* Description of the task *
Skip the pictures. Give all the data again exactly.

* Supplied data *

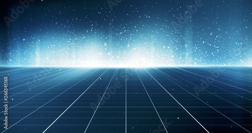 Futuristic digital grid and particles abstract cyber technology environment background. 3D Illustration.
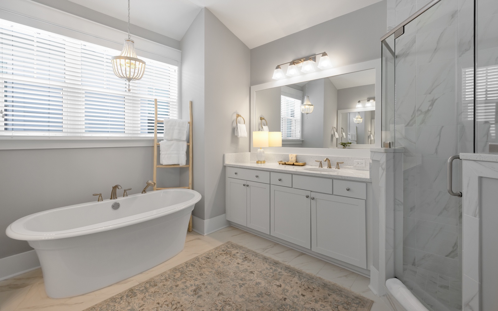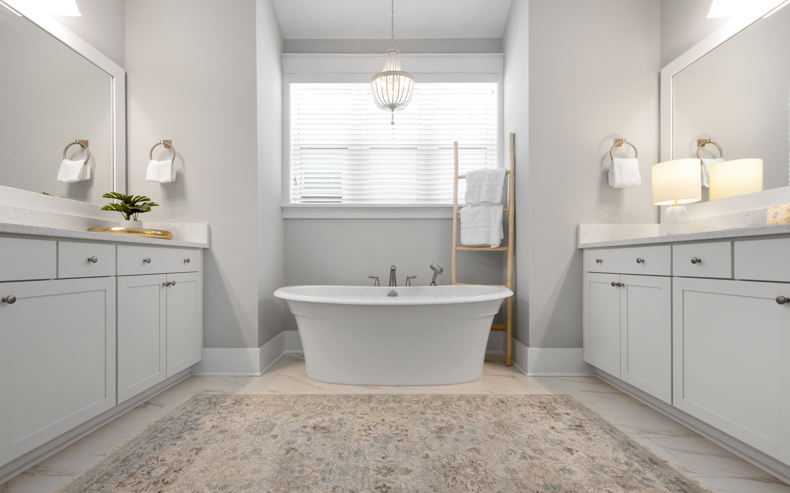 - Primary Suite: King bed, with spa-style bathroom and soaking tub
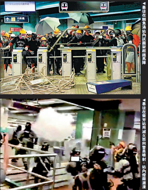 暴徒晚上还在葵芳港铁站与警方发生激烈冲突,站内一度烟雾弥漫,网上马上出现警方在港铁站发射催泪弹的流言。警方澄清表示,站内警员发射的是橡胶弹,现场所见的烟雾是示威者用灭火筒喷向警员所造成。
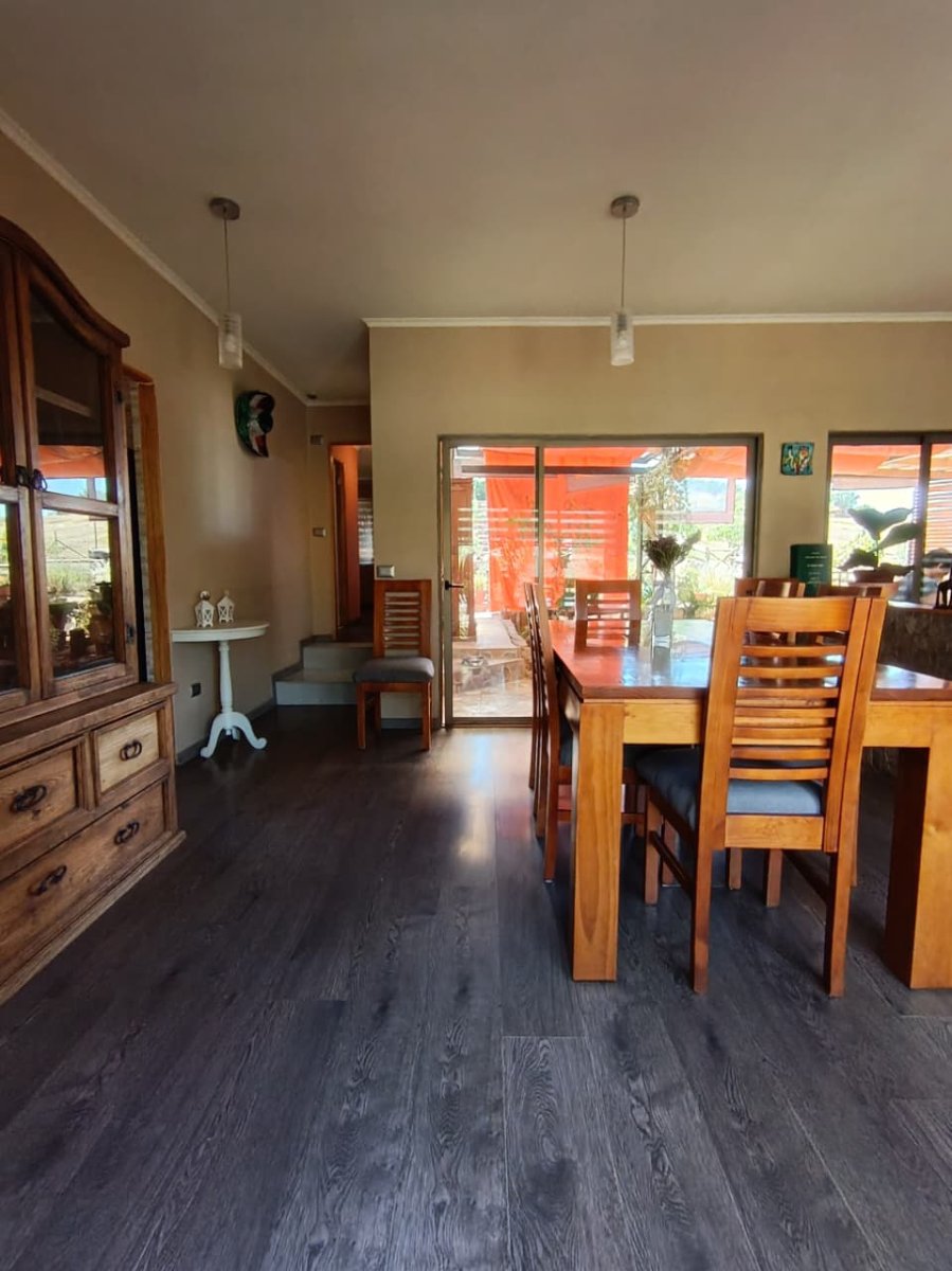 ¡Oportunidad única para vivir con amplitud y naturaleza! 🏡✨ Esta casa se alza sobre una parcela de 5.0053 m² 🌳 de terreno, ideal para quienes buscan privacidad, aire libre y múltiples usos del terreno. Con 180 m² de casa totales, ofrece una distribución pensada para familias numerosas. La propiedad consta de 2 casas. Una principal de 170 mts2, con 5D, 3 baños, terraza quincho , piscina, cocina amoblada, encimera, horno, lavavajillas. Piso de porcelanato y piso flotante según el área. Ventanas termopanel, calefacción con chimenea Amesti. Construída con Metalcom y revestida de concreto. Y una segunda vivienda, más pequeña, de 48 mts2 , con 2 dormitorios y 1 baño. En total ambas casas cuentan con 7 dormitorios 🛏️ y 4 baños completos 🚿, más un baño de servicio 🧼, brindando confort y funcionalidad en cada ambiente. Dispone de 5 ambientes versátiles para diseñar tu living, comedor y espacios de trabajo o recreación a medida 🎯. Estacionamiento propio 🚗 para mayor comodidad. Construida en 2020 🏗️, combina estilo actual con la solidez de una propiedad lista para habitar. Un entorno abierto y luminoso invita a disfrutar del verde, crear huertas, sumar áreas deportivas o montar quincho y juegos al aire libre 🌞. Si buscas metros, comodidad y proyección, esta es tu chance de dar el salto. Coordina tu visita y descubre todo lo que esta propiedad puede ofrecerte. 📞📩

* Task result *
 Futuristic digital grid and particles abstract cyber technology environment background. 3D Illustration.
 - Primary Suite: King bed, with spa-style bathroom and soaking tub
 暴徒晚上还在葵芳港铁站与警方发生激烈冲突,站内一度烟雾弥漫,网上马上出现警方在港铁站发射催泪弹的流言。警方澄清表示,站内警员发射的是橡胶弹,现场所见的烟雾是示威者用灭火筒喷向警员所造成。
 ¡Oportunidad única para vivir con amplitud y naturaleza! 🏡✨ Esta casa se alza sobre una parcela de 5.0053 m² 🌳 de terreno, ideal para quienes buscan privacidad, aire libre y múltiples usos del terreno. Con 180 m² de casa totales, ofrece una distribución pensada para familias numerosas. La propiedad consta de 2 casas. Una principal de 170 mts2, con 5D, 3 baños, terraza quincho , piscina, cocina amoblada, encimera, horno, lavavajillas. Piso de porcelanato y piso flotante según el área. Ventanas termopanel, calefacción con chimenea Amesti. Construída con Metalcom y revestida de concreto. Y una segunda vivienda, más pequeña, de 48 mts2 , con 2 dormitorios y 1 baño. En total ambas casas cuentan con 7 dormitorios 🛏️ y 4 baños completos 🚿, más un baño de servicio 🧼, brindando confort y funcionalidad en cada ambiente. Dispone de 5 ambientes versátiles para diseñar tu living, comedor y espacios de trabajo o recreación a medida 🎯. Estacionamiento propio 🚗 para mayor comodidad. Construida en 2020 🏗️, combina estilo actual con la solidez de una propiedad lista para habitar. Un entorno abierto y luminoso invita a disfrutar del verde, crear huertas, sumar áreas deportivas o montar quincho y juegos al aire libre 🌞. Si buscas metros, comodidad y proyección, esta es tu chance de dar el salto. Coordina tu visita y descubre todo lo que esta propiedad puede ofrecerte. 📞📩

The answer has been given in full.